Given information section start

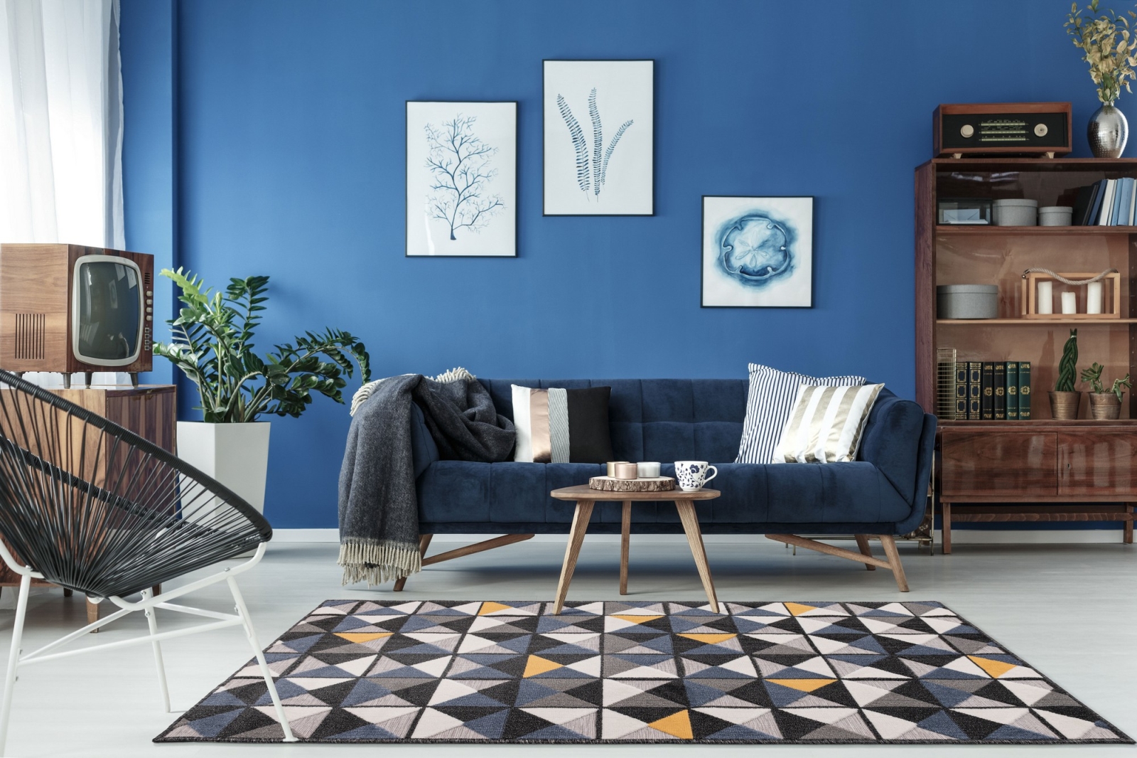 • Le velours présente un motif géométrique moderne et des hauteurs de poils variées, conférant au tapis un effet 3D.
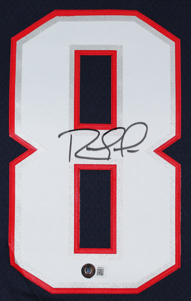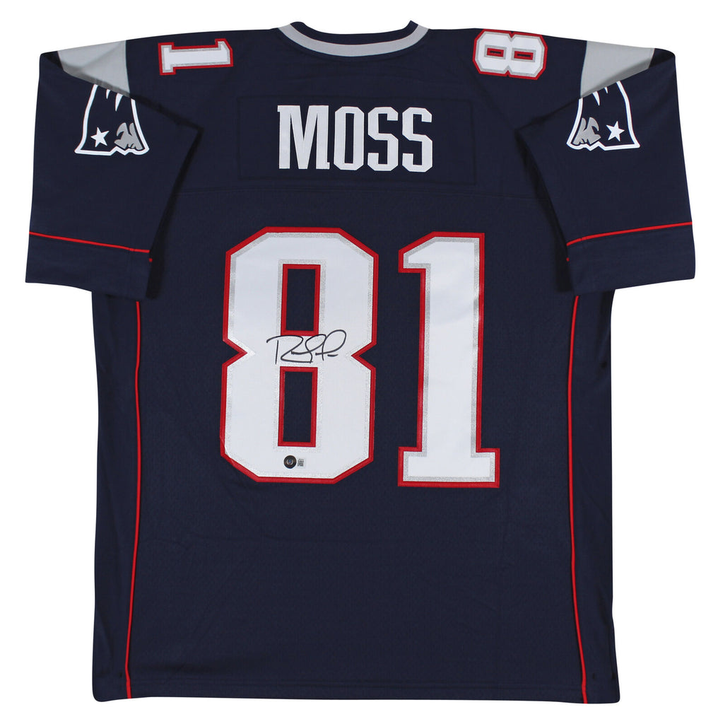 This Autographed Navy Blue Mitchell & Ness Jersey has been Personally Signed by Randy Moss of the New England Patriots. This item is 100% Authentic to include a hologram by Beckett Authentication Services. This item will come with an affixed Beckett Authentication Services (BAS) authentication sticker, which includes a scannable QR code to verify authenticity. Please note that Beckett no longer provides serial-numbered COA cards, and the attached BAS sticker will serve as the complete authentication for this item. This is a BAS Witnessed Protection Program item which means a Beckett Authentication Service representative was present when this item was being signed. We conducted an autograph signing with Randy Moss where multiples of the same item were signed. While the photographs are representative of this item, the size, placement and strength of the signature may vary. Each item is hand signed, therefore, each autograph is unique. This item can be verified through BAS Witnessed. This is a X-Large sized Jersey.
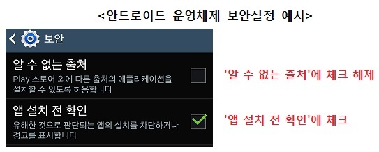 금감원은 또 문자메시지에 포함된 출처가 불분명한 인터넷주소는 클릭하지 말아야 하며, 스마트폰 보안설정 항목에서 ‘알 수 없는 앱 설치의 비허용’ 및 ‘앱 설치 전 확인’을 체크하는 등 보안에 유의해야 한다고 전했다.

Given information section end

= About this exercise =
Each line above is to be repeated exactly as written; no picture is carried over.

= Response area =
 • Le velours présente un motif géométrique moderne et des hauteurs de poils variées, conférant au tapis un effet 3D.
 This Autographed Navy Blue Mitchell & Ness Jersey has been Personally Signed by Randy Moss of the New England Patriots. This item is 100% Authentic to include a hologram by Beckett Authentication Services. This item will come with an affixed Beckett Authentication Services (BAS) authentication sticker, which includes a scannable QR code to verify authenticity. Please note that Beckett no longer provides serial-numbered COA cards, and the attached BAS sticker will serve as the complete authentication for this item. This is a BAS Witnessed Protection Program item which means a Beckett Authentication Service representative was present when this item was being signed. We conducted an autograph signing with Randy Moss where multiples of the same item were signed. While the photographs are representative of this item, the size, placement and strength of the signature may vary. Each item is hand signed, therefore, each autograph is unique. This item can be verified through BAS Witnessed. This is a X-Large sized Jersey.
 금감원은 또 문자메시지에 포함된 출처가 불분명한 인터넷주소는 클릭하지 말아야 하며, 스마트폰 보안설정 항목에서 ‘알 수 없는 앱 설치의 비허용’ 및 ‘앱 설치 전 확인’을 체크하는 등 보안에 유의해야 한다고 전했다.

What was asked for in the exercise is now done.